> [Task]: Your answer should consist only of the lines below from the one with "Livabliss Geometric Indoor" through the one with "ЛЮЧИЯ Шкаф 2-х", copied exactly.

====== Provided information

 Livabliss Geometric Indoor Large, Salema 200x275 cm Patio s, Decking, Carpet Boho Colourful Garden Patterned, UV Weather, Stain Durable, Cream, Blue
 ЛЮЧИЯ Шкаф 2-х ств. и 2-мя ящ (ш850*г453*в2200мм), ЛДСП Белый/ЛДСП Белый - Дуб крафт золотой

============
====== Provided information

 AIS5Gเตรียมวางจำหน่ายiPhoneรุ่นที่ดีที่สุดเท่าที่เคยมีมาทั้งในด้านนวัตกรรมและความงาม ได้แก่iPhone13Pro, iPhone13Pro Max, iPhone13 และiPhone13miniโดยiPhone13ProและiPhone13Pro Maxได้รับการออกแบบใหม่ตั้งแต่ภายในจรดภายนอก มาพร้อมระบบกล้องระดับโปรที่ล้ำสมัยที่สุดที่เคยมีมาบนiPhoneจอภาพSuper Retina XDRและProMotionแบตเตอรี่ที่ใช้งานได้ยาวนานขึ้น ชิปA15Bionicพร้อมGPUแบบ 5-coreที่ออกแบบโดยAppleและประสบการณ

============

> [Solution for this task]:
 Livabliss Geometric Indoor Large, Salema 200x275 cm Patio s, Decking, Carpet Boho Colourful Garden Patterned, UV Weather, Stain Durable, Cream, Blue
 ЛЮЧИЯ Шкаф 2-х ств. и 2-мя ящ (ш850*г453*в2200мм), ЛДСП Белый/ЛДСП Белый - Дуб крафт золотой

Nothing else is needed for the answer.